Жора возвратился в кабинет, запер за собою дверь и с наигранной веселостью заявил:

– Маман у меня чудачка. Положила эту штуку, – он небрежно бросил осколок на стол, – в коробку с конфетами. Откуда я знал?

– Письма не было?

– В посылках не бывает письменных вложений.

– Это мне известно. Теперь скажите: ваша мать, Ирина Григорьевна, когда-нибудь интересовалась фотоэнергетическим слоем? Иначе зачем же ей потребовался образец? – Курбатов взглядом указал на лежащий перед ним осколок. – Возможно, ей нужны были и формулы из тетради Михайличенко?

– Вы, конечно, шутите. – Жора через силу улыбнулся. – Мама поражает всех своей абсолютной технической неграмотностью. Для нее батарея отопления и аккумуляторная батарея вещи равнозначные.

– Тогда кому же вы посылали образец? – Павел Иванович подвинул осколок ближе к Кучинскому. – Тут есть и некоторые данные. Номер сектора, число, месяц, год.

Жора заметно нервничал, чувствуя, как под ним вздрагивает пол. Вероятно, Курбатову кое-что известно.

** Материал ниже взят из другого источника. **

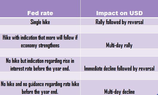 Theoretically, the impact of the FOMC decision on the US dollar will be as presented in the tabular column below:
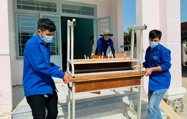 ĐVTN tham gia dọn dẹp chuẩn bị khu cách ly tập trung. |
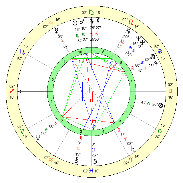 | Sun | 16 Virgo 35 | 17 Virgo 16 | 13 Capricorn 44 |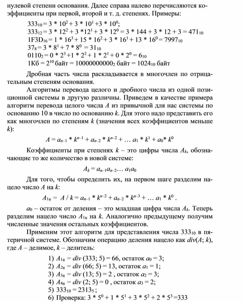 Алгоритмы перевода целого и дробного числа из одной пози- ционной системы в другую различны. Приведем в качестве примера алгоритм перевода целого числа А из привычной для нас системы по основанию 10 в число по основанию k. Для этого надо представить его как многочлен по степеням k (значения всех коэффициентов меньше k):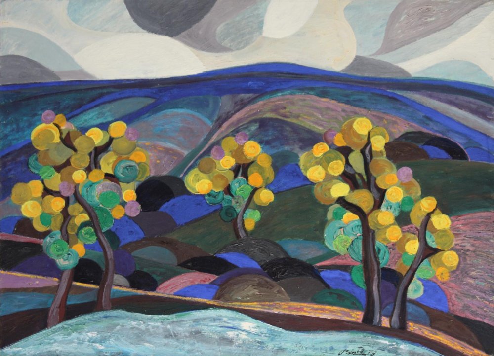 Los árboles, protagonistas de la escena, se representan con troncos oscuros y estilizados, mientras que sus copas están formadas por manchas circulares en tonos amarillos, verdes y violetas. Esta representación otorga un carácter casi onírico a la obra, destacando la experimentación del artista con la simplificación de las formas y la expresión cromática.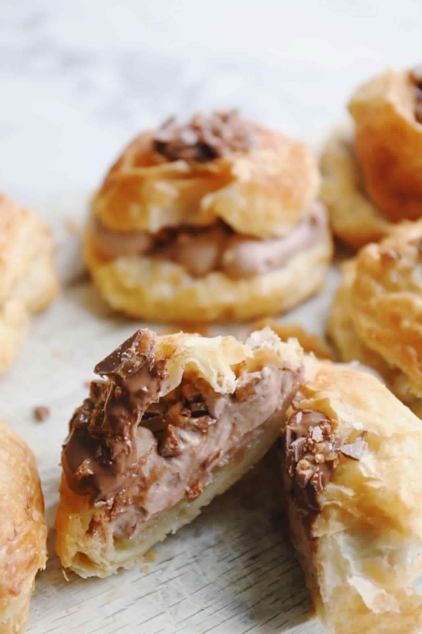 Opskrift på lækre og hurtige fastelavnsboller med chokoladecreme og Daim fyldt i en wienerbrødsdej. Disse fastelavnsboller er lidt en snyde-udgave, da selve bollerne er købt fra frost. Det er wienerbrødsdej, hvor de allerede er formet til boller med remonce i. Cremen er også lidt en snyde creme, da den er lavet med et brev kagecreme.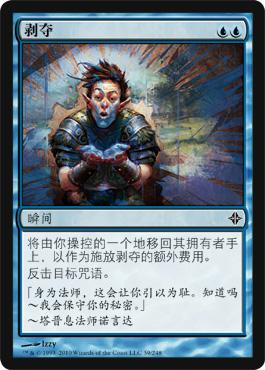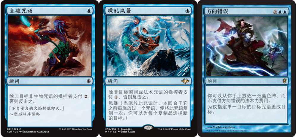 尽管如此,我还没有为目眩找到一个好的替代品。点破咒语/躁乱风暴我以前用过的,对付控制套牌和组合套牌可能很好,但对付掘密师和节奏套牌要差得多。如果他们用意志之力康你的启动点,而你必须使用额外的法力来源来反击点破咒语/躁乱风暴,通常只会使得他们能够使用原本已经无用目眩。方向错误是另一个选择,但只对反击有用,不能用来反制对手的关键咒语。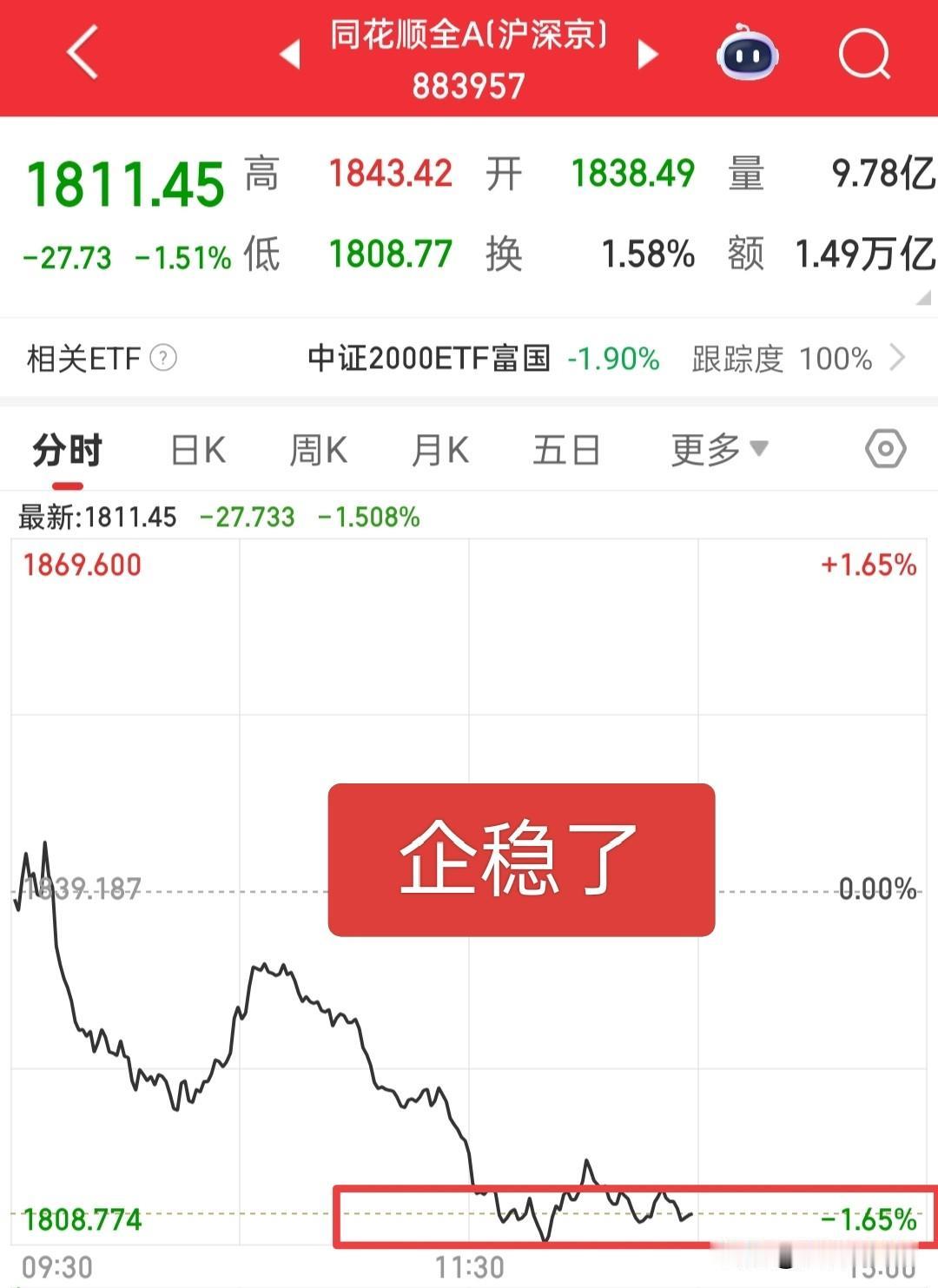 今天安全了,全A已经止跌了,所以今天就不要再担心跳水了,如果管不住手,这个时候拿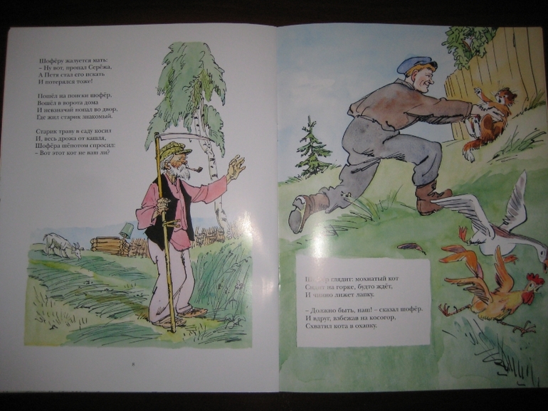 А в издании "Мелик-Пашаева" все сошлось воедино: звонкий стих с легкой, упругой рифмой, забавный сюжет и совершенно потрясающие иллюстрации Юрия Узбякова! Мы уже саму обложку долго разглядывали во всех подробностях: у Свена Нурдквиста есть книжка "Переполох в огороде", а тут у нас форменный "Переполох посреди дороги" получился :)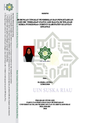 ELZIQRA ANNISA, - (2026) HUBUNGAN TINGKAT PENDIDIKAN DAN PENGETAHUAN GIZI IBU TERHADAP STATUS GIZI BALITA DI WILAYAH KERJA PUSKESMAS CERENTI KABUPATEN KUANTAN SINGINGI. Skripsi thesis, UNIVERSITAS ISLAM NEGERI SULTAN SYARIF KASIM RIAU.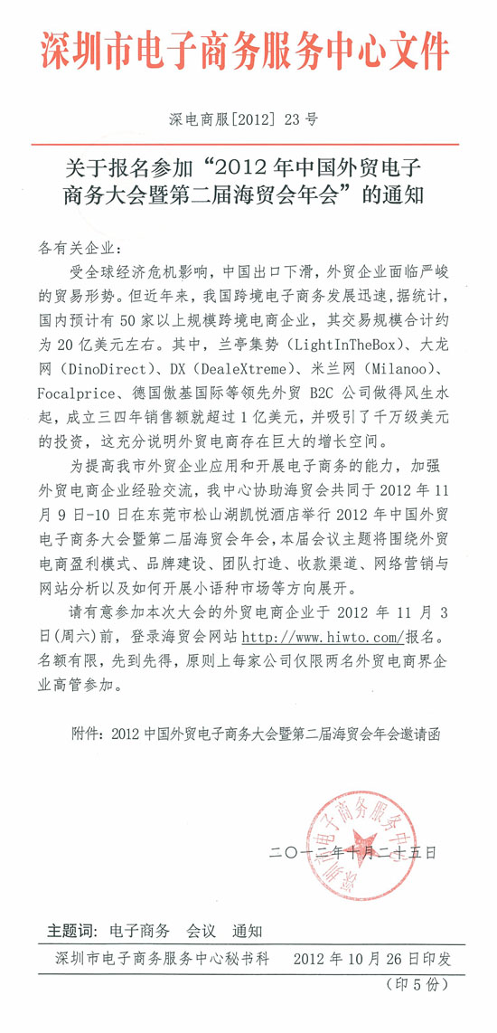 关于报名参加“2012年中国外贸电子商务大会暨第二届海贸会年会”的通知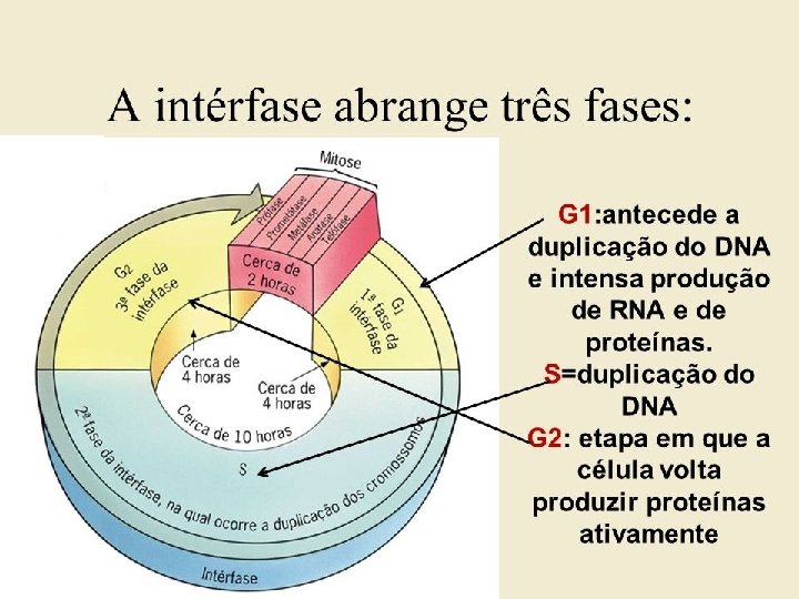 Ciclo Celular • O ciclo celular : processos que ocorrem desde a formação de uma célula até sua própria divisão em duas filhas, tendo natureza cíclica. A célula se divide originando duas descendentes, com divisão do núcleo (mitose ) e divisão do citoplasma (citocinese). A etapa seguinte, é compreendida no espaço entre duas divisões celulares sucessivas e foi denominada de interfase. http: //www. cellsalive. com/cell_cycle. htm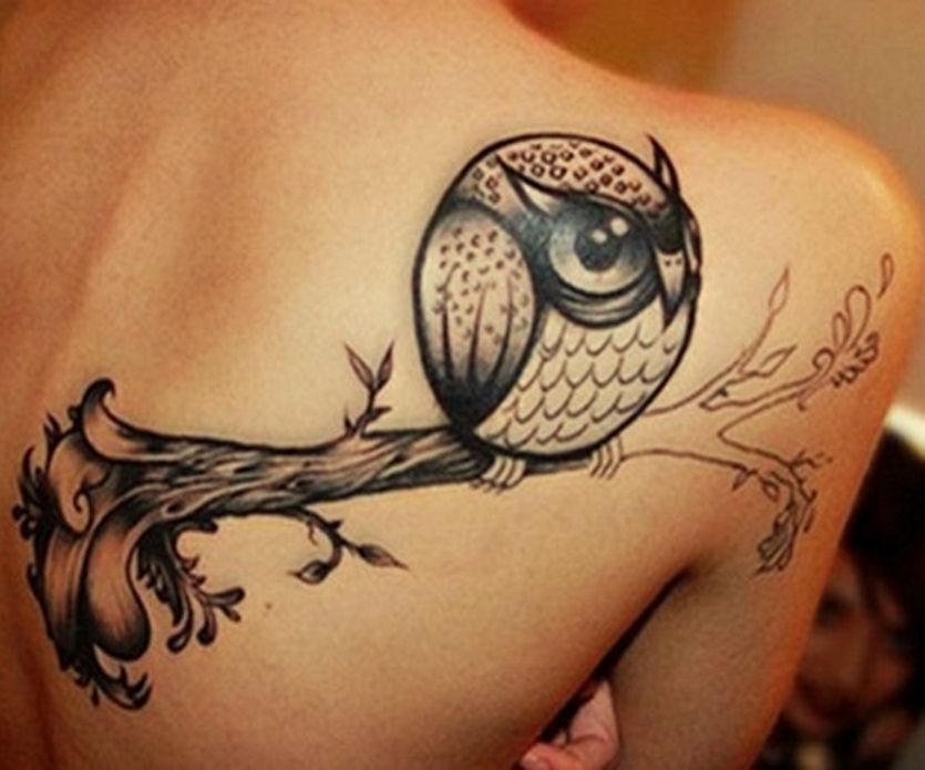 sowa na gałęzi sobie siedzi

Неужели о задании Чибисова? Надо отпираться, пока есть хоть маленькая возможность. Жора испробовал новый ход.

– Я вас понимаю, Павел Иванович. – Он стыдливо опустил глаза. – Если я скажу, что в посылку осколок попал случайно, вы мне не поверите. Конечно, есть люди рассеянные. Но тут дело другое... Не случайное.

– Согласен. Мысль разумная.

– Вы же знаете, как ко мне здесь относятся, – продолжал Жора, и в голосе его звучали скорбные нотки. – Не все, конечно. Но есть некоторые товарищи. Для них ничего не стоит оклеветать человека. Шпионят за мной. Чихнуть нельзя – в Москве будет слышно. Откуда я знаю, что, когда я готовил посылку, не подложил ли в нее какой-нибудь Багрецов вот эту штуку, – он нервным движением придвинул осколок к Курбатову.

– Нелепая выдумка, Кучинский. Посылка адресована вашей матери. Разве она в сговоре с Багрецовым?

– Да не об этом речь. Вполне понятно, что мама должна была прислать осколок обратно. Багрецов подкараулил этот момент, побежал к вам или передал через кого-либо другого: ищите, мол, осколок у Кучинского в тумбочке. Иначе откуда бы вы о нем узнали? Может, я ошибаюсь, но я не всегда верю людям.

– Отцу верите?

Жора утвердительно кивнул головой. Павел Иванович достал из ящика письмо.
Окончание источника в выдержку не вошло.